=== TASK ===
In the entries below, find the line with "AMAZING LONG-LIFE TOOL" and the line with "Knitting Mug - My"; reproduce those two lines and all lines between them exactly, without pictures.

>>

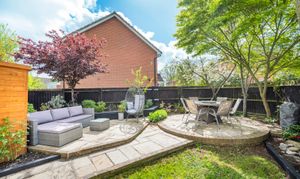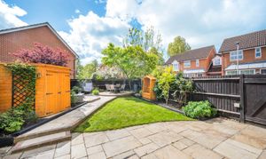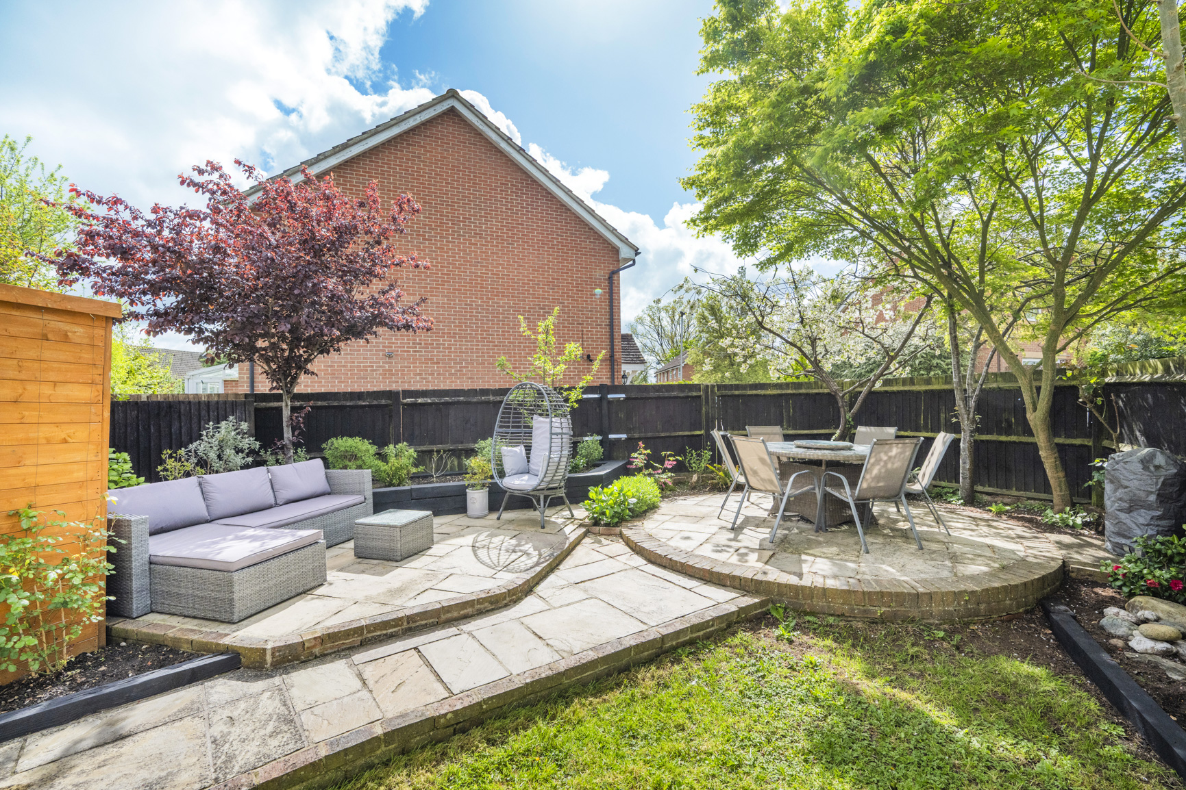 The landscaped rear garden offers a wonderful outdoor retreat, enjoying a southerly aspect that provides a bright and sunny setting throughout the day. It features a well-maintained lawn and an attractive patio area—perfect for al fresco dining and entertaining. A pathway leads to a second terrace, creating additional seating space, while mature shrubs set within planted beds add colour and privacy. The garden’s position enhances its sense of space, with a charming circular plateau area and a dappled tree providing natural shade to the upper terrace. A useful side shed offers storage for garden furniture, cushions and umbrellas, and side gate access adds further convenience.
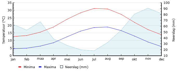 | Gem. max. temperatuur in °C | 12.6 | 13.3 | 15.5 | 19.0 | 24.0 | 28.3 | 31.2 | 30.9 | 27.4 | 22.1 | 17.3 | 13.8 |
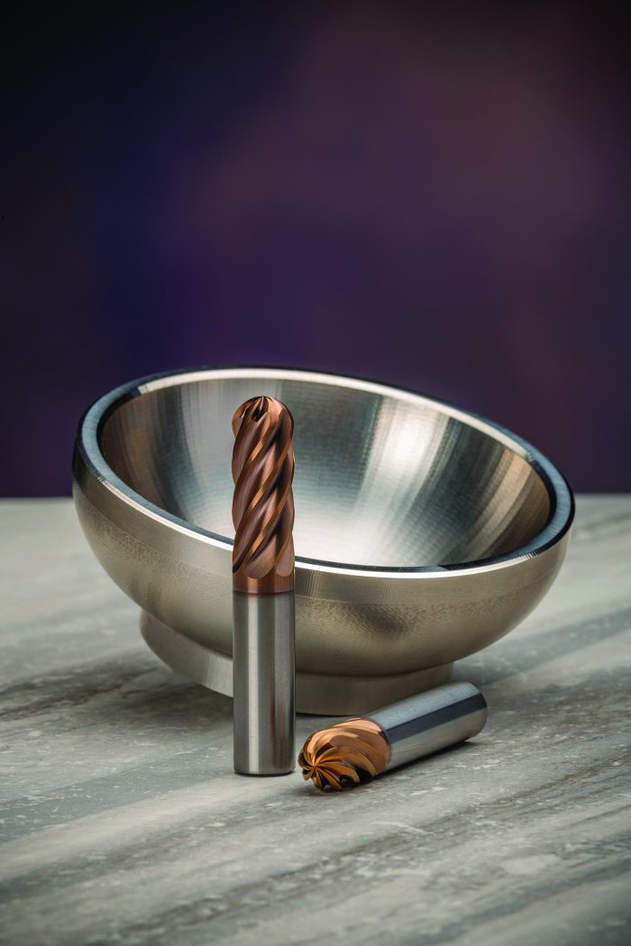 AMAZING LONG-LIFE TOOL Machining this Inconel 718 deflector bowl would take much longer with 4-flute mills. But the POW-R-ARC 8-flute did the 3D roughing and semi-finishing in 50 min. at 31 ipm. The same tool completed the finishing at 60.5 ipm and chamfering the rim in just 22 min. total cycle time. And it still has plenty of tool life!
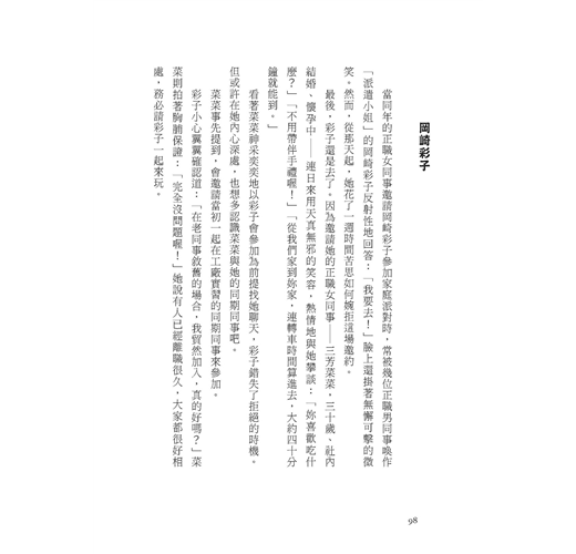 婚姻裡的精神控制與暴力、職場中的玻璃天花板、表面風光的網紅焦慮、派遣人生的不確定……
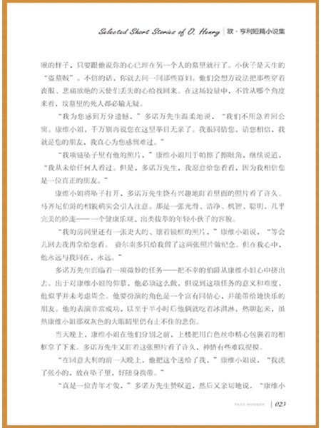 《欧·亨利短篇小说选》选收欧·亨利杰出的几十篇短篇小说代表作,其中有些已成为世界短篇小说中史上的经典名篇,如《麦琪的礼物》、《警察和赞美诗》、《最后一片藤叶》等。这些作品富有人情味和生活情趣,脍炙人口,流传不衰。
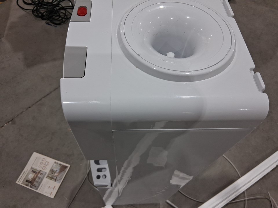 The top of the box is damp from shipping/warehouse handling. There is some liquid residue from previous usage on the product. Tested for power. See photos attached.
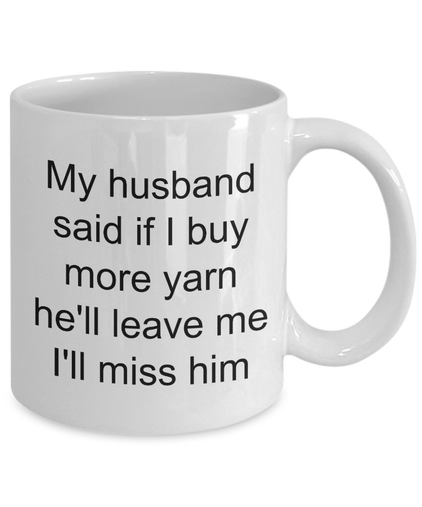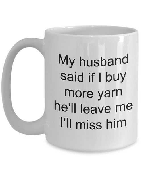 Knitting Mug - My Husband Said If I Buy More Yarn He'll Leave Me I'll Miss Him Ceramic Coffee Cup
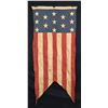 This very interesting and attractive banner measures approx. 36" x 72" and is swallowtail in form. It likely dates from as early as the centennial period to possibly as late as the Spanish American War. The banner has a 2 1/4" white cotton hoist with an open sleeve to facilitate hanging from a pole. At each end of the hoist is a cut hole to facilitate tie suspension. There is no evidence of grommets, either brass or sewn. The wool bunting blue field extends about 17 1/2" down from the top and features 13 cross-sewn white cotton stars on each side. There are five red vertical cotton stripes and four white vertical cotton stripes ending in a swallowtail form. CONDITION: The banner is in very solid condition with minimal small tears or holes. The colors are a bit faded, and the white cotton is a bit yellowed. The tips of the swallowtail are somewhat tattered, but the banner displays beautifully. (02-23766/BF). $500-800.
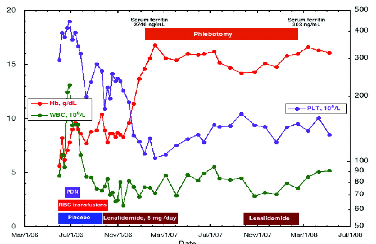 In a commentary29 to the first study on the use of lenalidomide in patients with MDS,27 we concluded that, although this treatment was promising, its feasibility and adverse effects needed to be defined more precisely in prospective studies. An European, multi-center, randomized, double-blind, placebo-controlled, three-arm study is currently evaluating the efficacy and safety of two doses of lenalidomide versus placebo in transfusion-dependent subjects with low- or intermediate-1-risk MDS associated with del(5q) (http://www.clinicaltrials.gov/ct/show/NCT00179621). The outcome of one of the patients enrolled in this study is reported in Figure 3 to illustrate the remarkable efficacy of lenalidomide in some patients with 5q- syndrome. It should be noted, however, that lenalidomide treatment of patients with MDS and del(5q) is challenging for clinicians and requires considerable hematologic know-how, especially because it may be associated with long-lasting grade 3–4 neutropenia and/or thrombocytopenia.28
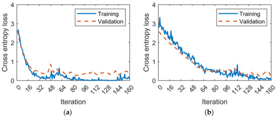 The Adam optimizer was employed for adapting the learning rate during training [53]. The batch normalization process [59] normalizes mini batches of data for each network channel independently. Such a normalization occurs within layers, thus preventing exploding gradients issues. Over an entire iteration, a mini batch set is passed through the network, whereas a whole epoch involves the complete training set. The validation frequency specifies the number of iterations elapsed between validations. The trend of the loss functions was monitored over the training process. As an example, Figure 8a shows the loss function resulting from training with dataset C.

<<

=== ANSWER SPACE ===
 AMAZING LONG-LIFE TOOL Machining this Inconel 718 deflector bowl would take much longer with 4-flute mills. But the POW-R-ARC 8-flute did the 3D roughing and semi-finishing in 50 min. at 31 ipm. The same tool completed the finishing at 60.5 ipm and chamfering the rim in just 22 min. total cycle time. And it still has plenty of tool life!
 婚姻裡的精神控制與暴力、職場中的玻璃天花板、表面風光的網紅焦慮、派遣人生的不確定……
 《欧·亨利短篇小说选》选收欧·亨利杰出的几十篇短篇小说代表作,其中有些已成为世界短篇小说中史上的经典名篇,如《麦琪的礼物》、《警察和赞美诗》、《最后一片藤叶》等。这些作品富有人情味和生活情趣,脍炙人口,流传不衰。
 The top of the box is damp from shipping/warehouse handling. There is some liquid residue from previous usage on the product. Tested for power. See photos attached.
 Knitting Mug - My Husband Said If I Buy More Yarn He'll Leave Me I'll Miss Him Ceramic Coffee Cup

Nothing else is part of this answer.